**GOAL OF THE EXERCISE**
Look through the entries below for the line with "وتخلل الزيارة حفل" and the line with "根据Refinitiv的数据", then give again exactly those two lines and all lines between them, minus the pictures.
==*==
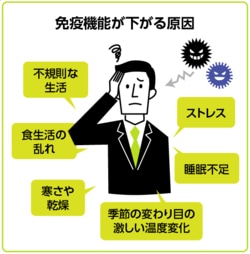 「免疫機能が大幅に低下すると病原体に感染するリスクが高まります。そのサインとなるのはまず、朝起きていつも以上に疲れを感じ、だるさが抜けていないときです。夜なかなか寝付けない、いつもより寝起きが悪いという睡眠に関する問題も、免疫機能の低下に関連しています。また、口の中が普段より渇いている状態は、粘膜の防衛機能が低下しています。このような体の変調を自覚したら、対策を考えるとよいでしょう」
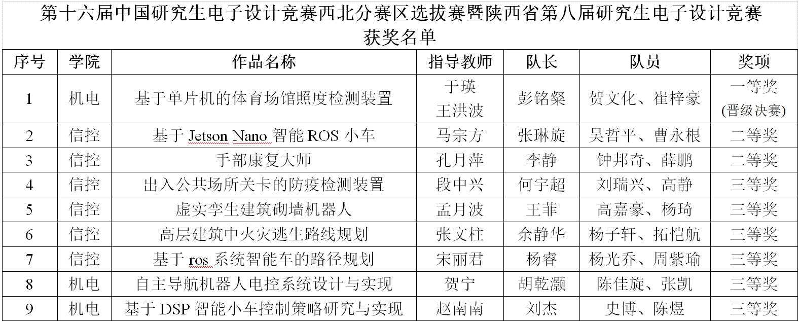 2021年7月3日至7月4日,第十六届中国研究生电子设计竞赛西北分赛区选拔赛暨陕西省第八届研究生电子设计竞赛于西北工业大学长安校区举行。在为期两天的比赛中,我校参赛的10支队伍,经过现场作品展示、答辩、专家评审等环节,最终获得一等奖1项(晋级全国总决赛)、二等奖2项、三等奖6项。机电学院于瑛老师荣获“优秀指导教师奖”。
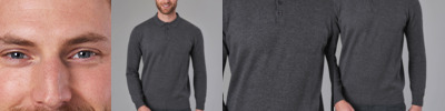 60% cotton/40% acrylic. Piqué collar. Three self colour button placket. Ribbed cuffs and hem.
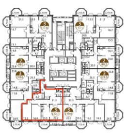 Свободная планировка без несущих перегородок. Лоджия-эркер с возможностью организовать кабинет или зимний сад. Две корзины под систему вентиляции или кондиционирования и закрытый балкон. Высокие потолки 3,05 метра усиливают ощущение масштаба. Свободная планировка дает возможность интегрировать кухню, два комфортных санузла и просторный холл, как часть дизайнерской композиции. Измерительные коммуникации выведены в специальное помещение в межквартирном пространстве для целей автоматической передачи показаний по воде, электроэнергии, теплоснабжению.
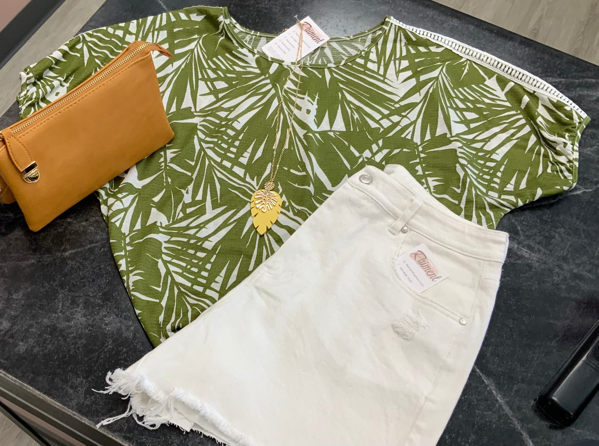 Elevate your wardrobe with the Tropical Crochet Shoulder in Olive. Featuring a flattering round neckline and delicate crochet sleeves with trim, this piece combines style and comfort effortlessly. Its regular fit and soft blend of 98% polyester and 2% spandex ensure a breathable, flexible wear perfect for warm days or layered looks. Add a touch of tropical charm to your everyday outfits with this versatile, eye-catching top.
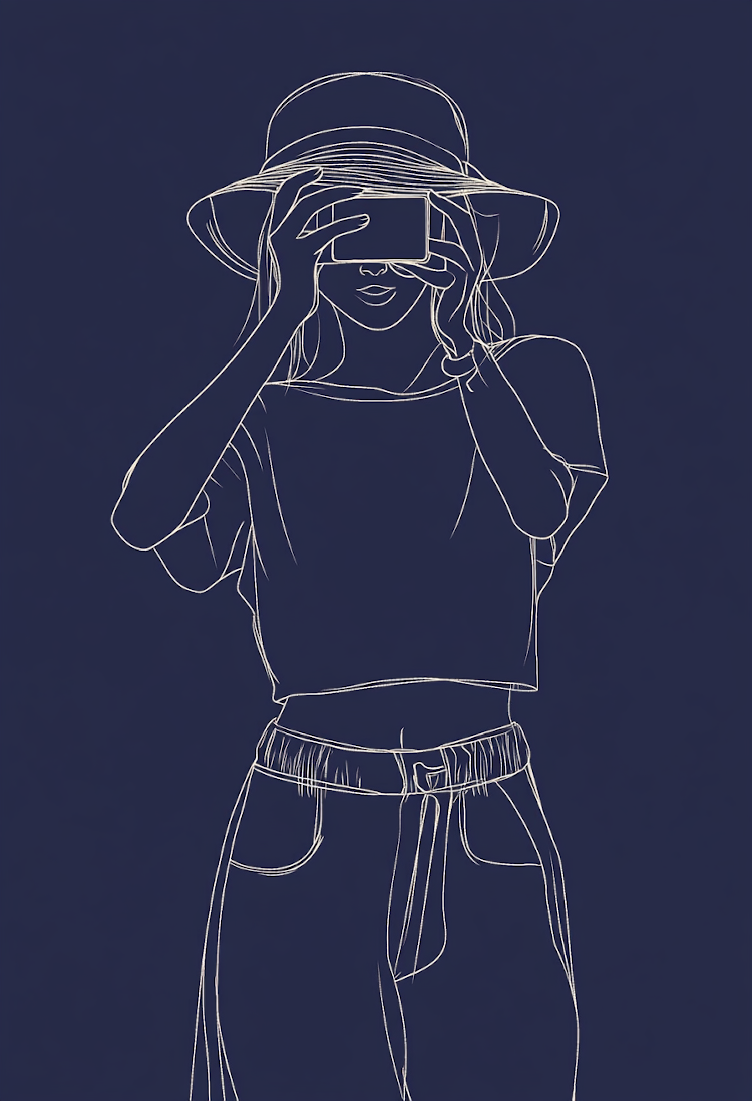 Minimalist line art of a person with a camera, wearing a hat, on a dark blue background. Simple and elegant design.
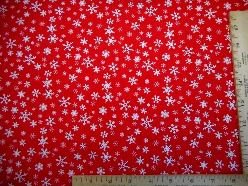 This is a very nice fabric that is 100% cotton. It has small snowflakes on a red background. READ: Because computer monitors show colors & shades differently, the fabric colors can vary from the photos. If you have any questions regarding this, contact me before p urchasing the item. I have been a quilter for 30 years and am an accomplished seamstress & would be happy to answer any questions you might have. This is for a 1 Yard of Fabric. If you purchase more than 1 Yard, I will give you one continuous cut. If you have a problem with anything you purchase from me, please contact me before leaving neutral or negative feedback and I will work it out with you. Payment is due within 48 hours. If payment isn't received within 5 days, it will automatically go to Ebay's resolution center for non-payment. INSTRUCTIONS FOR COMBINED SHIPPING: I Do combine shipping. You must add the items to your shopping cart and request an invoice from me using the REQUEST TOTAL BUTTON BEFORE completing the payment process, or I won't be able to combine your shipping. Payment is due upon receipt of your invoice. Thank you for looking and God bless you and your family. IF THERE IS A PROBLEM WITH ANY PURCHASE, PLEASE CONTACT ME, THE SELLER, VIA EBAY'S MESSAGING SYSTEM PRIOR TO OPENING A CASE--OPENING A CASE, EVEN IF RESOLVED SMOOTHLY, CAN HURT THE SELLER'S RATINGS. THANK YOU
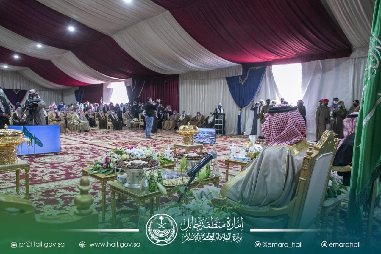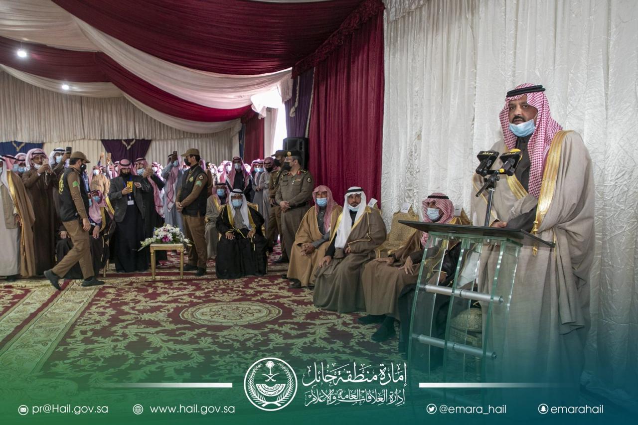 وتخلل الزيارة حفل خطابي, رحب محافظ المحافظة بكلمته خلاله بسمو أمير منطقة حائل ومرافقيه، مثمناً لسموه هذه الزيارة للوقوف عن كثب على سير العمل في المحافظة وما يقدم من خدمات للأهالي، وتلمس احتياجات المواطنين, والاستماع إلى مطالبهم في ظل ما توليه القيادةالرشيدة من اهتمام وعناية بالمواطنين.
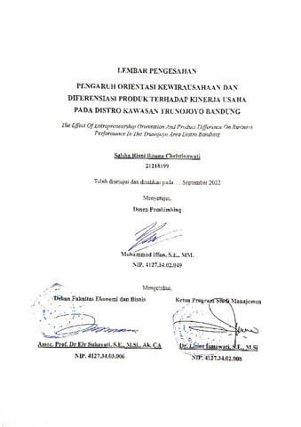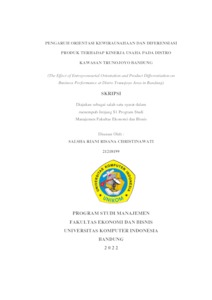 Christinawati, Salsha Riani Risana (2022) Pengaruh Orientasi Kewirausahaan Dan Diferensiasi Produk Terhadap Kinerja Usaha Pada Distro Kawasan Trunojoyo Bandung. Other thesis, Universitas Komputer Indonesia.
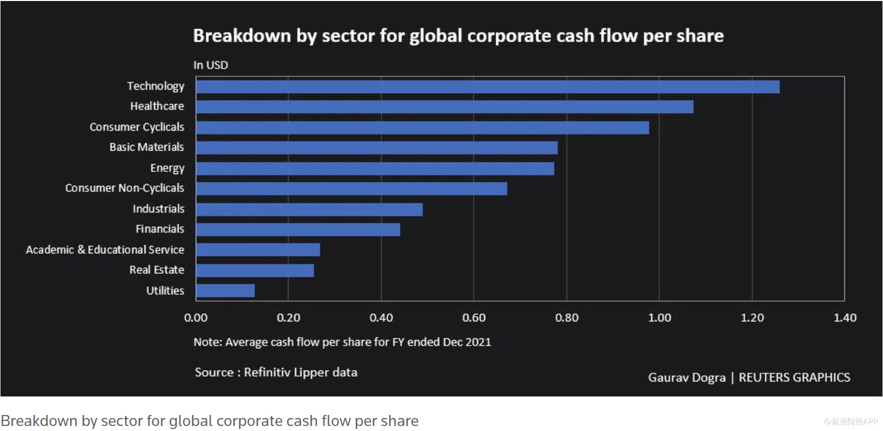 根据Refinitiv的数据,2021年全球科技行业的每股现金流为1.26美元,是主要行业中最高的。阿里巴巴(BABA.US)本周表示,已将其股票回购计划的规模从150亿美元扩大到250亿美元。
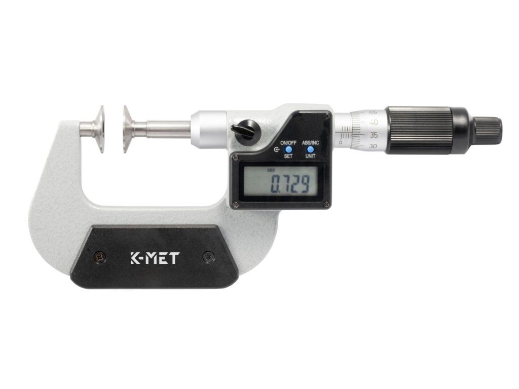 Digitální mikrometr na ozubená kola KINEX/K-MET 25-50 mm/0.001mm, NEW DESIGN, DIN 863. Vnější průměr talířku 20 mm.Doplňkové parametry
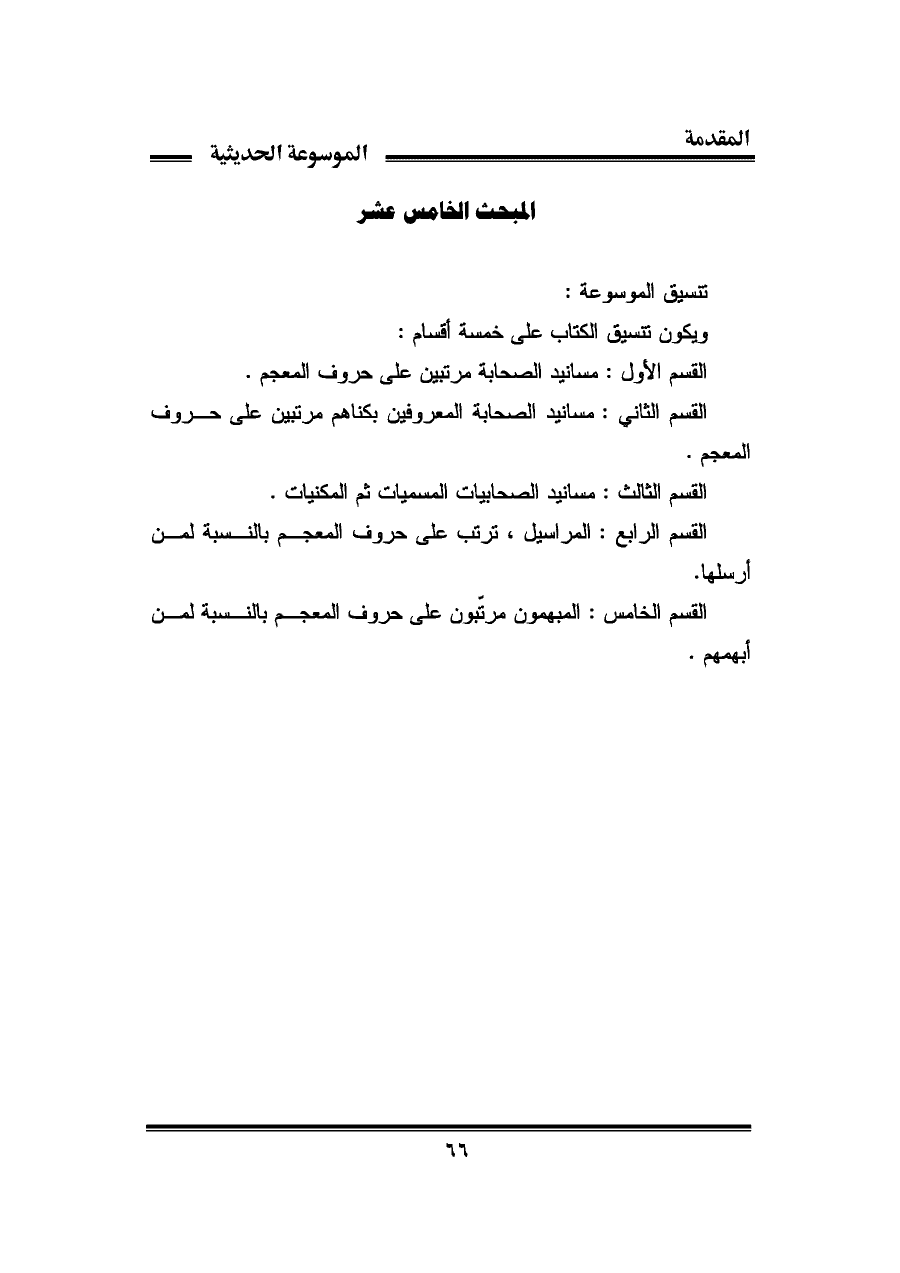 القسم الأول: مسانيد الصحابة مرتبين على حروف المعجم.
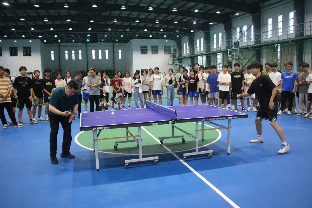 互动环节中,郭教授和师生切磋球艺,对乒乓球重要技术动作进行详细示范和生动讲解,并进行了多方位的项目和动作展示,让同学们“沉浸式”领略乒乓球运动的魅力。
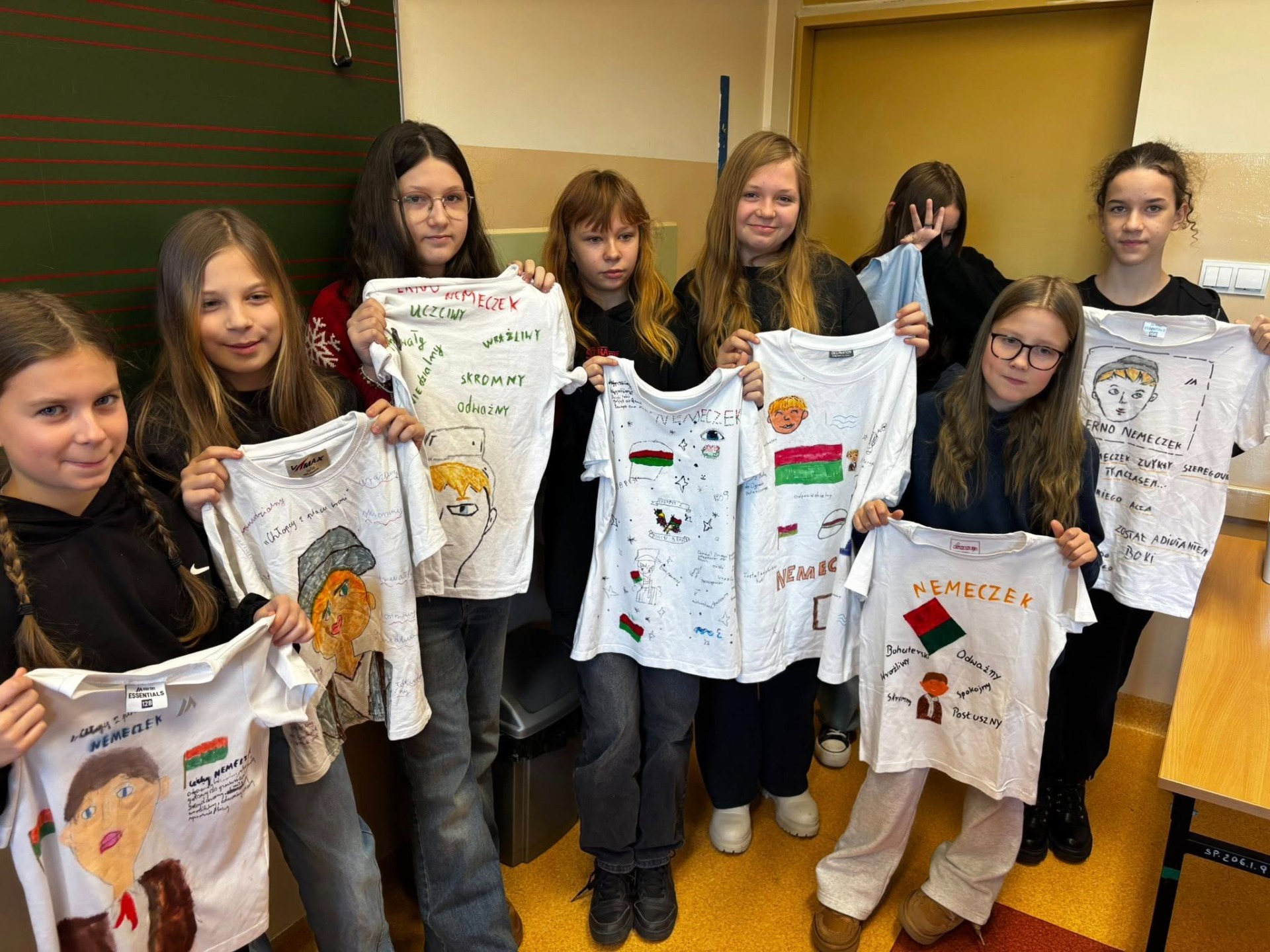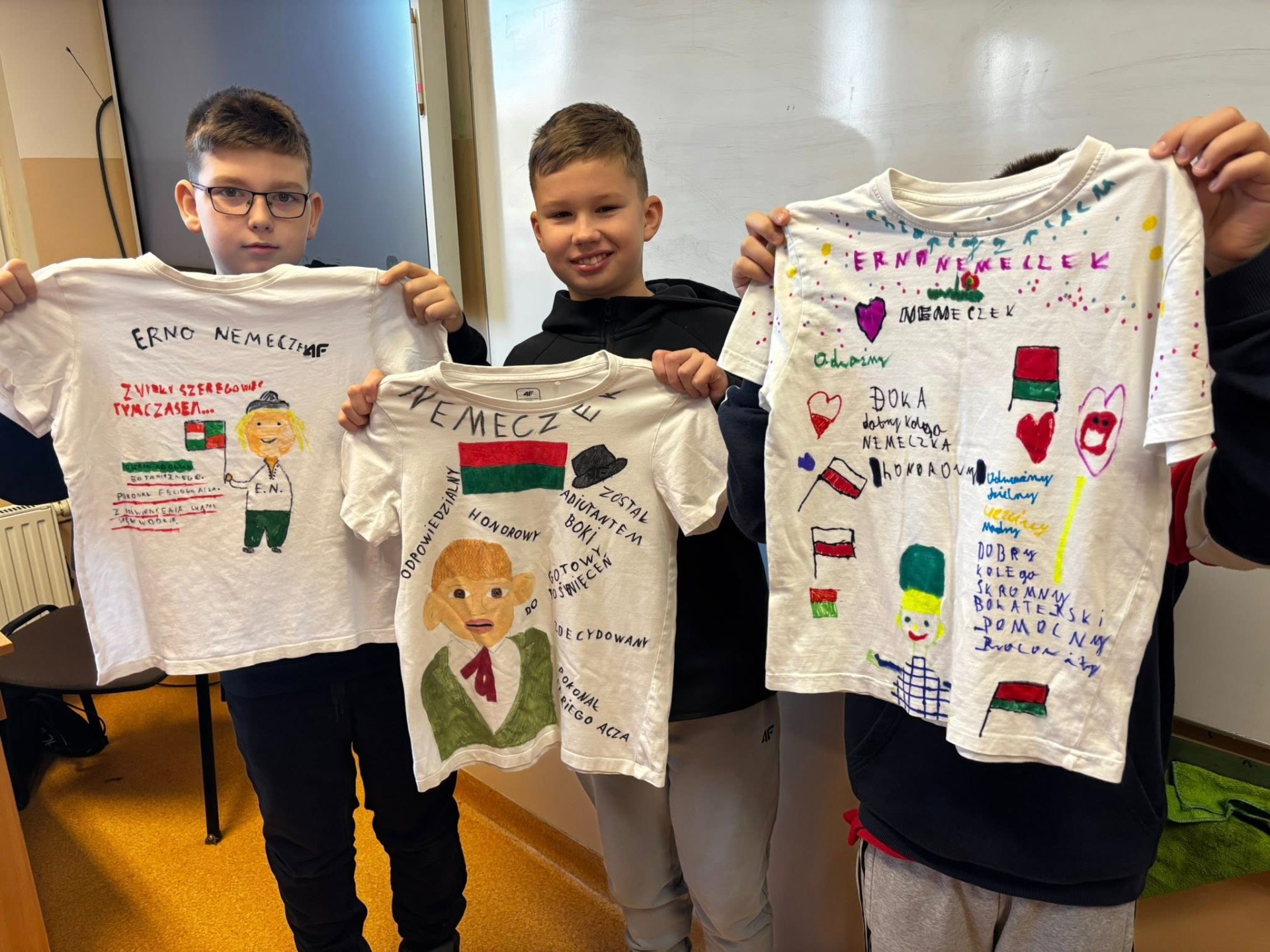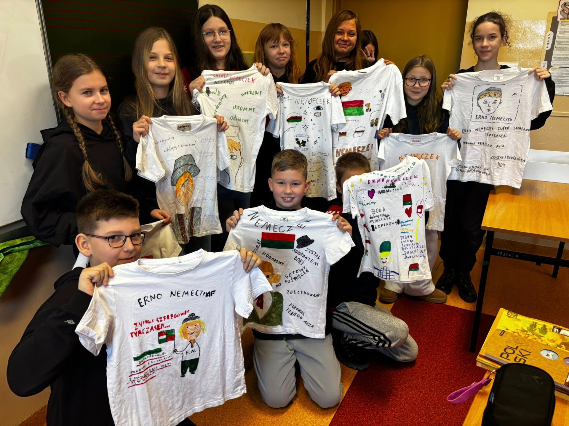 Na podsumowanie naszej czytelniczej przygody uczniowie zmierzyli się z wyjątkowym zadaniem – zaprojektowali koszulki inspirowane postacią Ernesta Nemeczka. W każdym projekcie znalazły się zarówno cechy charakteru bohatera, jak i wybrany cytat ukazujący jego odwagę oraz wrażliwość.
==*==
**EXERCISE ANSWER**
 وتخلل الزيارة حفل خطابي, رحب محافظ المحافظة بكلمته خلاله بسمو أمير منطقة حائل ومرافقيه، مثمناً لسموه هذه الزيارة للوقوف عن كثب على سير العمل في المحافظة وما يقدم من خدمات للأهالي، وتلمس احتياجات المواطنين, والاستماع إلى مطالبهم في ظل ما توليه القيادةالرشيدة من اهتمام وعناية بالمواطنين.
 Christinawati, Salsha Riani Risana (2022) Pengaruh Orientasi Kewirausahaan Dan Diferensiasi Produk Terhadap Kinerja Usaha Pada Distro Kawasan Trunojoyo Bandung. Other thesis, Universitas Komputer Indonesia.
 根据Refinitiv的数据,2021年全球科技行业的每股现金流为1.26美元,是主要行业中最高的。阿里巴巴(BABA.US)本周表示,已将其股票回购计划的规模从150亿美元扩大到250亿美元。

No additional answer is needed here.